Legislation Aims To Reduce High Rates of Teen Dating Violence in U.S.
Democratic and Republican legislators have joined together to introduce legislation to help schools address the problem of teen dating violence
Washington, DC – In the wake of a growing number of teenagers killed from dating violence, Democratic and Republican legislators have joined together to introduce legislation to help schools address the problem of teen dating violence.
The “Stop Abuse for Every Teen Act” or SAFE Teen Act will be introduced on Thursday by U.S. Representatives Gwen Moore (D-WI) and Dave Reichert (R-WA), both champions of domestic and dating violence victims. U.S. Senators Michael Crapo (R-ID) and Sheldon Whitehouse (D-RI) introduced the companion bill in the Senate.
“Teen dating violence has become the rule, not the exception,” said Esta Soler, Founder and President of Futures Without Violence, formerly Family Violence Prevention Fund. “A large part of the reason the Institute of Medicine just recommended domestic violence and intimate partner violence screening as part of preventive health care is due to the alarming prevalence of dating violence among young people.”
About 72% of 8th and 9th graders report dating; 1 in 4 adolescents reports emotional, physical, or sexual violence each year; and 1 in 10 adolescents reports being a victim of physical dating violence. Over 40% of young people who report they are victims of dating violence say that the incidents occurred in a school building or on school grounds.
“If students don’t feel safe, they can’t learn,” said Soler. Victims of teen dating violence are more likely to be truant, have lower grades, and drop out of school. Those who witness violence are also affected, with those students experiencing decreased school attendance and academic performance.

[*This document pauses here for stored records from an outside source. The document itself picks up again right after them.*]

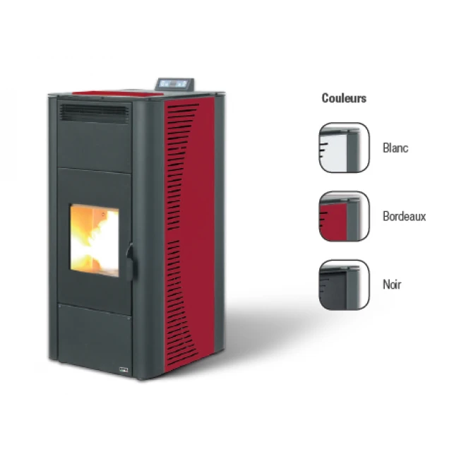 Le plus : multifonctions par définition, le poêle hydro Rondinara 19 kW offre aussi l’avantage d’une parfaite intégration dans tous les styles de décorations intérieures. Son design moderne et épuré, ainsi que sa déclinaison de couleurs sur les faces latérales en acier permettent de le transformer en un élément de décoration à part entière.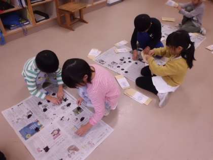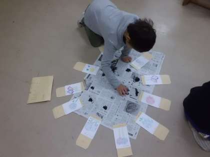 種を入れる袋が出来上がりました。早速,種を袋に入れる作業をしました。「同じくらいに袋に入れるのって難しいな。」と言いながら,慎重に袋に入れる姿が見られました。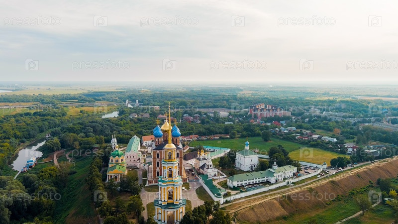 Рязань, Россия.Рязанский Кремль - самая старая часть города Рязани.Кафедральный собор Успения Пресвятой Девы Марии, вид с воздуха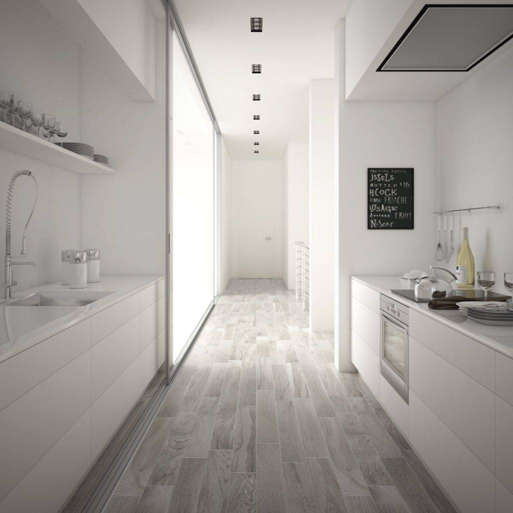 Если выбирать белый ламинат для кухни, то он лучше всего будет сочетаться в авангардным стилем. Это современный стиль, где цвет интерьера сочетает в себе оттенки серого, белого цветов. Здесь нет ярких и броских оттенков.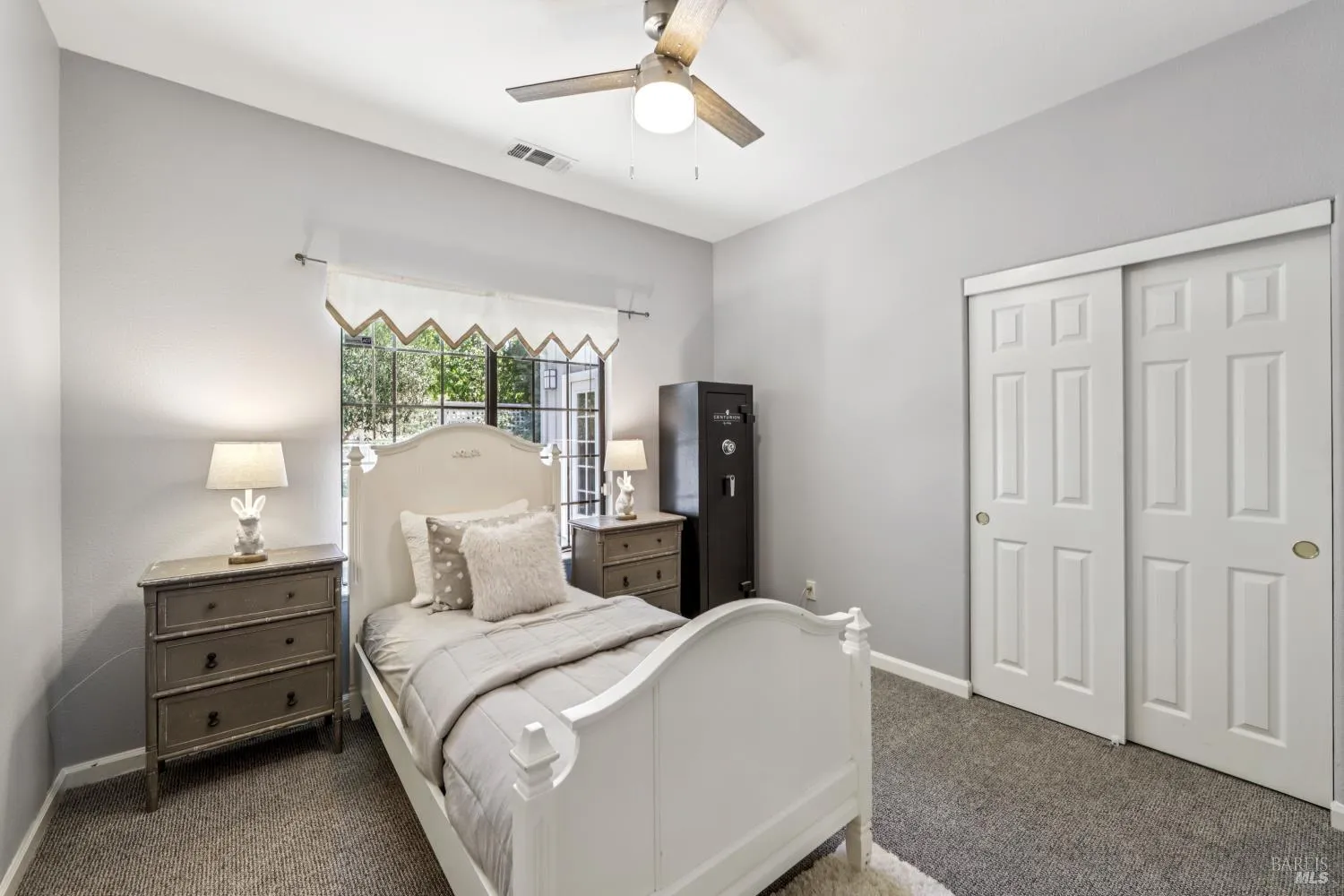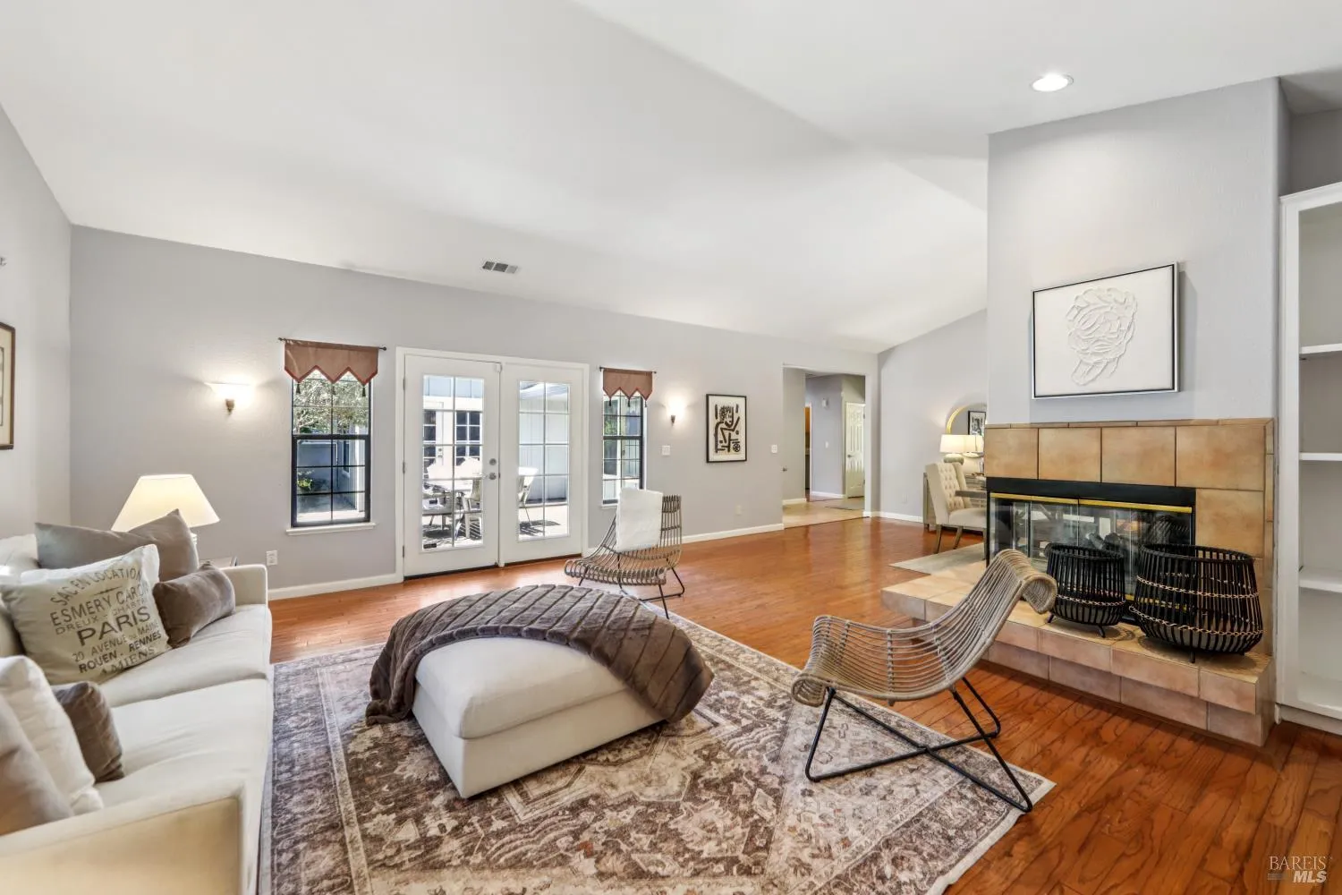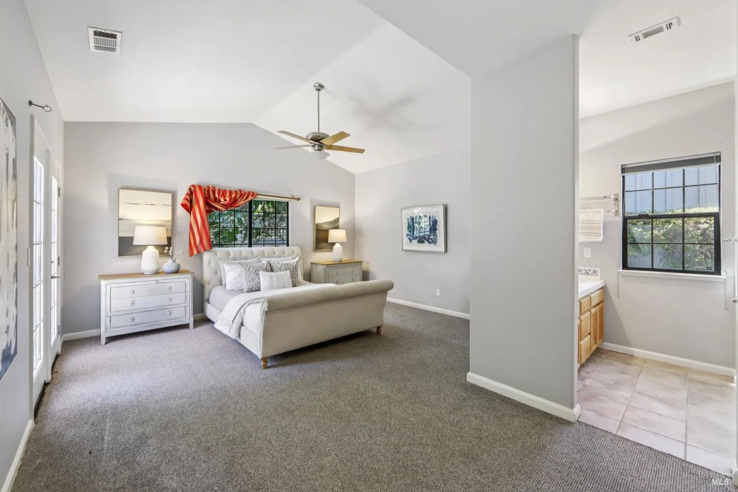 Welcome to effortless, single level living in Sonoma Greens. This beautifully maintained 3-bedroom, 2-bath detached home spans 1,869 sq. ft. and is designed with convenience, comfort, and privacy in mind. Step inside and you’ll immediately notice the soaring ceilings, abundant natural light, and elegant French doors that create an open, airy feel. The spacious living and dining areas flow seamlessly, anchored by a three-way gas fireplace that adds warmth and charm. The dine-in kitchen opens to a private front patio – a perfect spot for morning coffee, evening wine, or easy al fresco dining. The primary suite offers a peaceful retreat with a cathedral ceiling and direct access to a French-inspired back patio. Two additional guest bedrooms, a full bathroom, and a convenient laundry room complete the thoughtful floor plan. Privacy is a rare find in this community – with front and back patios plus a side buffer with no adjacent home. Ample rare off-street parking. Outside your door, enjoy resort-style amenities: stroll around the picturesque lake, take a dip in the 2 community pools, or stay active on the tennis courts – all just minutes from the world-class dining, wine, and charm of Sonoma Plaza.

To date, at least 15 states (Arizona, Connecticut, Florida, Georgia, Illinois, Massachusetts, Nebraska, New Jersey, Ohio, Pennsylvania, Rhode Island, Tennessee, Texas, Virginia, and Washington) have passed teen dating violence laws that urge or require school boards to develop curriculum on teen dating violence, most without additional funding or guidance. The federal legislation attempts to correct this problem by allowing schools that receive federal funding for bullying and harassment to also incorporate teen dating violence prevention. Schools are also encouraged to train school personnel on the issue and incorporate response mechanisms into school policies.

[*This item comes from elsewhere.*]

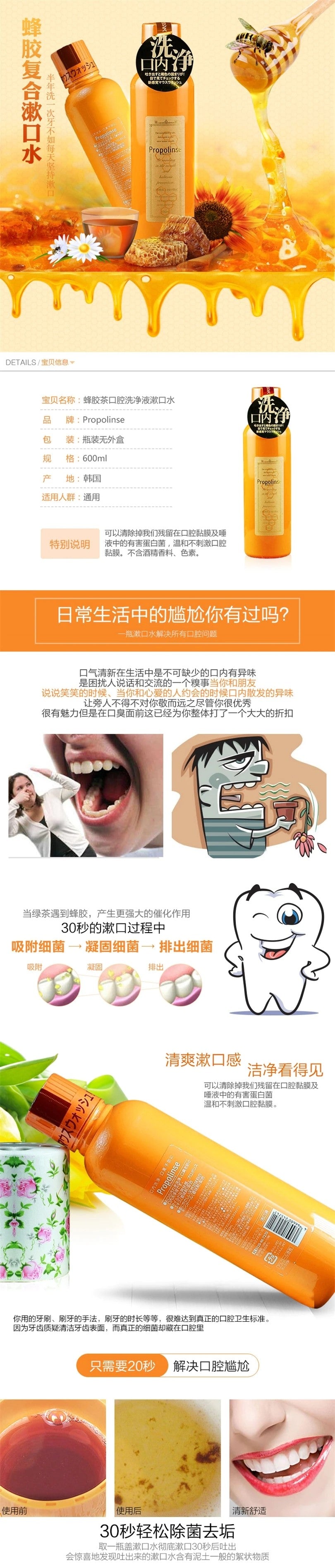 【自营】日本PROPOLINSE比那氏 蜂胶复合洗漱口水 600ml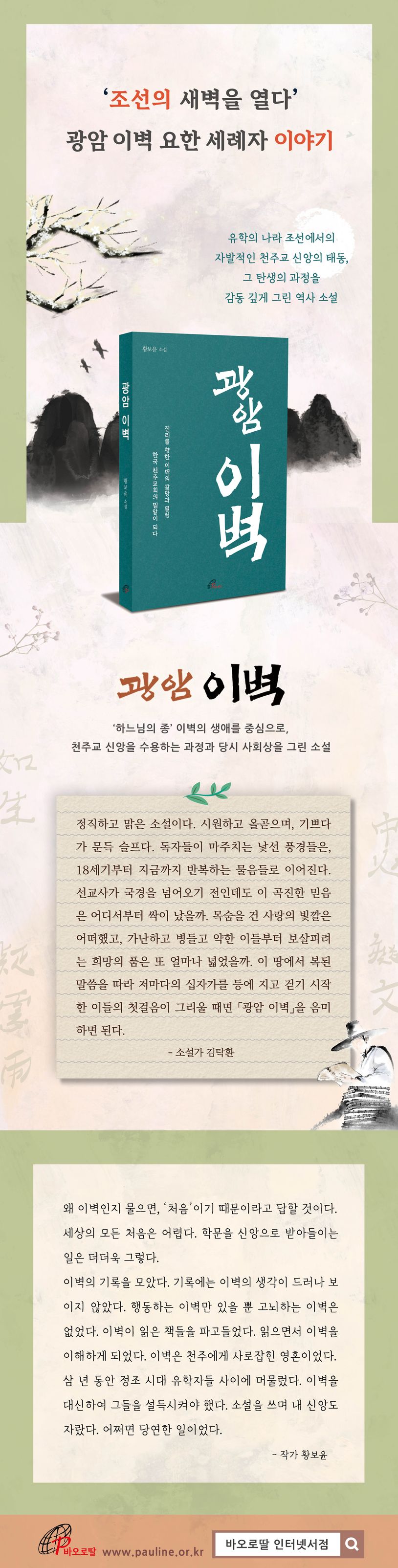 「광암 이벽」은 한국 천주교의 선구자 이벽(요한 세례자, 1754~1786)의 생애를 담은 소설이다.

The “Stop Abuse for Every Teen Act” or “SAFE Teen Act” would:
- Authorize schools to use existing grant funding for teen dating violence prevention
- Highlight teen dating violence prevention as part of the comprehensive, community prevention program, Safe Schools, Healthy Students, that already funds prevention activities
- Support better teen dating violence data to understand the scope of the problem as well as having a means of measuring the impact of prevention programs and policies
- Support promising practices to further replicate, refine and test prevention models
- This is not a mandated program and the cost is included in existing grant streams
The legislation has been advocated by Futures Without Violence, and a coalition of domestic violence and education advocacy organizations that support the legislation, including the National Education Association, American Federation of Teachers, Love is Not Abuse Coalition, Jewish Women International, Girl Scouts of the USA, and RAINN.

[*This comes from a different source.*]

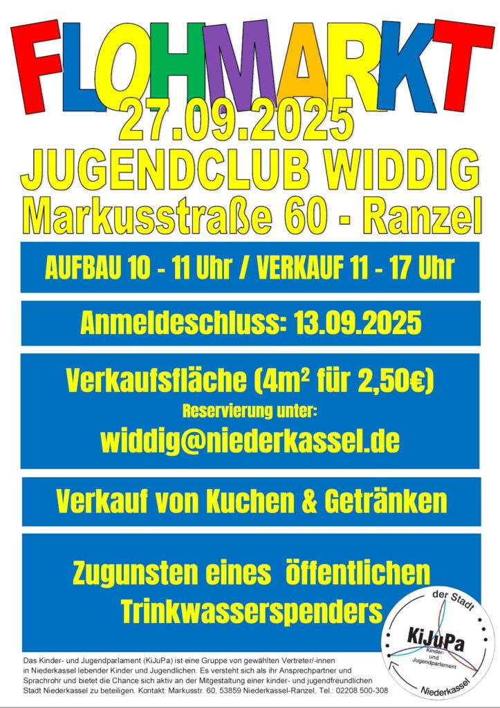 Wir, das Kinder- und Jugendparlament der Stadt Niederkassel, laden euch ganz herzlich zu unserem Flohmarkt am 27.09.2025 ein!

In addition to physical injuries, teens who are victims of dating violence face a host of negative health consequences including depression and suicide, eating disorders, and more likely to engage in risky behaviors such as smoking and alcohol abuse. Victims of dating violence are also three times more likely to become pregnant and more than two times as likely to report a sexually transmitted disease.
“We must stop the cycle of violence,” said Soler. “This legislation helps schools play an important role in preventing teen dating violence."